# REQUIRED ACTION
Among the records that follow, find the line with "Noin 70–80 prosenttia" and the line with "ten Tonhölzern für". Set down those lines and all lines between them exactly, without adding anything.

------ PROVIDED ENTRIES ------

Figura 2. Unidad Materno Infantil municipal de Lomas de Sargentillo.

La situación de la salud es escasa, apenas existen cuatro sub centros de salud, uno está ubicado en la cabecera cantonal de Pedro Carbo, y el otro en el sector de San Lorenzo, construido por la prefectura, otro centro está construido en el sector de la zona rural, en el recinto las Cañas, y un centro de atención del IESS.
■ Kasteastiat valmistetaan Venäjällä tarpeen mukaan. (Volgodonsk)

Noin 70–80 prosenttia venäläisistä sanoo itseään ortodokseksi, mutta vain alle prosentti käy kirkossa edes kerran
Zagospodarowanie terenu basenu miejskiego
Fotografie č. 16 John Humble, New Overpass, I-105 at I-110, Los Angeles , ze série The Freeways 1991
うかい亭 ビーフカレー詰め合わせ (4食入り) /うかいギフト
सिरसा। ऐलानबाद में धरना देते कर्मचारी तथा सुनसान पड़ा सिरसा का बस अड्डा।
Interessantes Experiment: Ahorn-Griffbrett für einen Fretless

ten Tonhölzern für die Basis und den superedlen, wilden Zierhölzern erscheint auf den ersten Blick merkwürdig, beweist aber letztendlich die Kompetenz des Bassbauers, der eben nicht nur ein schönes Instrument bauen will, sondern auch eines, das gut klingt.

------
------ PROVIDED ENTRIES ------

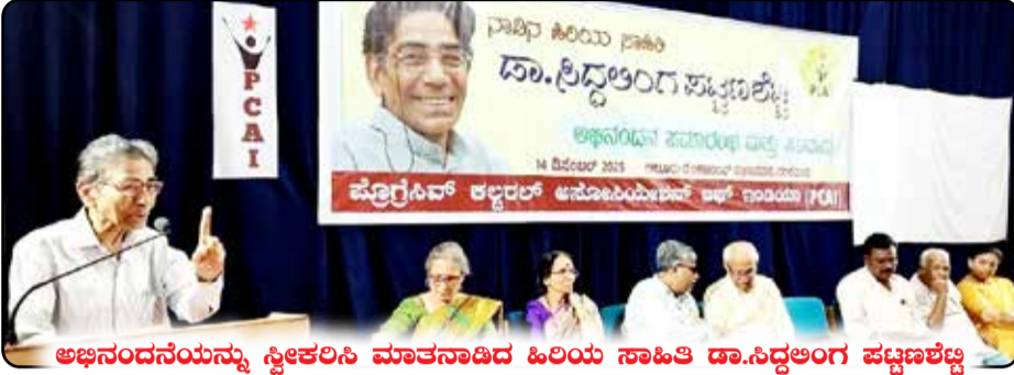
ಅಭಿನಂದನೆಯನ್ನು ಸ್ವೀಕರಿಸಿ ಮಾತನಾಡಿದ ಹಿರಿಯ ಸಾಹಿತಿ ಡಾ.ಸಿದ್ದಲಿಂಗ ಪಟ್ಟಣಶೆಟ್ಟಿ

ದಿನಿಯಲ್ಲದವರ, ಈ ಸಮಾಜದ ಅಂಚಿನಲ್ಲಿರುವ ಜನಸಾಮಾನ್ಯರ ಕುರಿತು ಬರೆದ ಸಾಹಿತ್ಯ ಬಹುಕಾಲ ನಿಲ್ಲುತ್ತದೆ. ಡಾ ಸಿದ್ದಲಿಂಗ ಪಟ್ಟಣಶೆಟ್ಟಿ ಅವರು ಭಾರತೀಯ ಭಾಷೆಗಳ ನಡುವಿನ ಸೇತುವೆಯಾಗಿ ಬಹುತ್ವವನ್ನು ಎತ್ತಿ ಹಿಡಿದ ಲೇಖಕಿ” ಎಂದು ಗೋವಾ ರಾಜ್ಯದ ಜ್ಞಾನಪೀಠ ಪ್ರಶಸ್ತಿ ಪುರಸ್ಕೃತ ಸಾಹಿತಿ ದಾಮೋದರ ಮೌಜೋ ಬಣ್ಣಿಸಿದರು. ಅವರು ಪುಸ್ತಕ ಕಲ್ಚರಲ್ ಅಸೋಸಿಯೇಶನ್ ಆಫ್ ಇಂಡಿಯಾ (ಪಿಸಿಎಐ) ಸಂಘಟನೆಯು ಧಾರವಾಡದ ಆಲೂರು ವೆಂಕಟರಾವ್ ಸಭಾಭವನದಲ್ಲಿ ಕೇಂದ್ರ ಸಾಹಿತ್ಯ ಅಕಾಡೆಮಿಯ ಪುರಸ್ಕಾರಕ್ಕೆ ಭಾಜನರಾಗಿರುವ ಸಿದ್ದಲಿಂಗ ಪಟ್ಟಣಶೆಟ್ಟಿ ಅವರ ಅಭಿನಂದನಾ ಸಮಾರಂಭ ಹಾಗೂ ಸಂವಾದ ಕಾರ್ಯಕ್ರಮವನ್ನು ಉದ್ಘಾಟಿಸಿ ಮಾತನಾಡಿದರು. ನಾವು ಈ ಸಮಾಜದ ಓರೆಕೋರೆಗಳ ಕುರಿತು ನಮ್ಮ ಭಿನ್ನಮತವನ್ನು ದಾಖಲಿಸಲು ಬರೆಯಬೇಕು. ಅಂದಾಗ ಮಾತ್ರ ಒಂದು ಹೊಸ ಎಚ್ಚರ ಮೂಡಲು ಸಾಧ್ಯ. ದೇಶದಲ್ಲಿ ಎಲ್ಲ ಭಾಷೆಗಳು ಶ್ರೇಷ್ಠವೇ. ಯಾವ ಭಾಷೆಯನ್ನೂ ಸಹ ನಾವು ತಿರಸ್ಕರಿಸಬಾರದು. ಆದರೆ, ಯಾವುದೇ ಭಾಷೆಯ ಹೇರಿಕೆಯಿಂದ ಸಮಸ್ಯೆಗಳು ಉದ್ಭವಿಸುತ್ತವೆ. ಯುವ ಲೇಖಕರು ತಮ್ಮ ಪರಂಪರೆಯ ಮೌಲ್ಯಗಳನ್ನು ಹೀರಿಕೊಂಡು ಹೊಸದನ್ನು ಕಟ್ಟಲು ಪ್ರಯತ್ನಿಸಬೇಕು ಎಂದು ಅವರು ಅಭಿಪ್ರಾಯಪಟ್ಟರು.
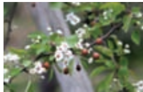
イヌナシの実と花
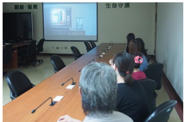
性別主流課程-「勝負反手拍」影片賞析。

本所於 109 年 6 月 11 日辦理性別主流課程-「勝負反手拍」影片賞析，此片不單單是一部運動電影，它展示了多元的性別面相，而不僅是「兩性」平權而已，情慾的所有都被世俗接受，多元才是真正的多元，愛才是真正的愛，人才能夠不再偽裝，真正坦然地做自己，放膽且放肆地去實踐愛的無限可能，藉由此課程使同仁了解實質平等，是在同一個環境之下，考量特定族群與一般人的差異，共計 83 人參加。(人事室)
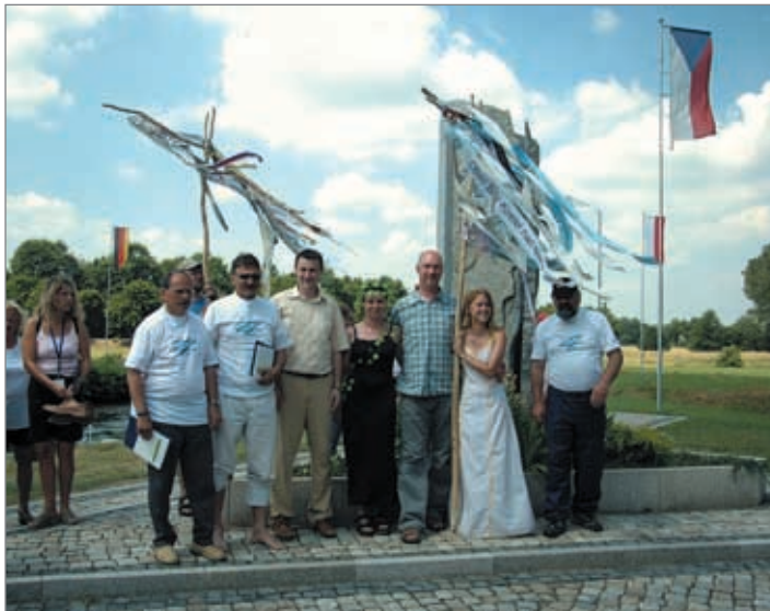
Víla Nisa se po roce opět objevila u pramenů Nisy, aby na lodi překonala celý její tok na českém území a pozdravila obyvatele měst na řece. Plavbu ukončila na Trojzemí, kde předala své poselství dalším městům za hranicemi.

------

# OUTPUT FOR THIS TASK
Noin 70–80 prosenttia venäläisistä sanoo itseään ortodokseksi, mutta vain alle prosentti käy kirkossa edes kerran
Zagospodarowanie terenu basenu miejskiego
Fotografie č. 16 John Humble, New Overpass, I-105 at I-110, Los Angeles , ze série The Freeways 1991
うかい亭 ビーフカレー詰め合わせ (4食入り) /うかいギフト
सिरसा। ऐलानबाद में धरना देते कर्मचारी तथा सुनसान पड़ा सिरसा का बस अड्डा।
Interessantes Experiment: Ahorn-Griffbrett für einen Fretless

ten Tonhölzern für die Basis und den superedlen, wilden Zierhölzern erscheint auf den ersten Blick merkwürdig, beweist aber letztendlich die Kompetenz des Bassbauers, der eben nicht nur ein schönes Instrument bauen will, sondern auch eines, das gut klingt.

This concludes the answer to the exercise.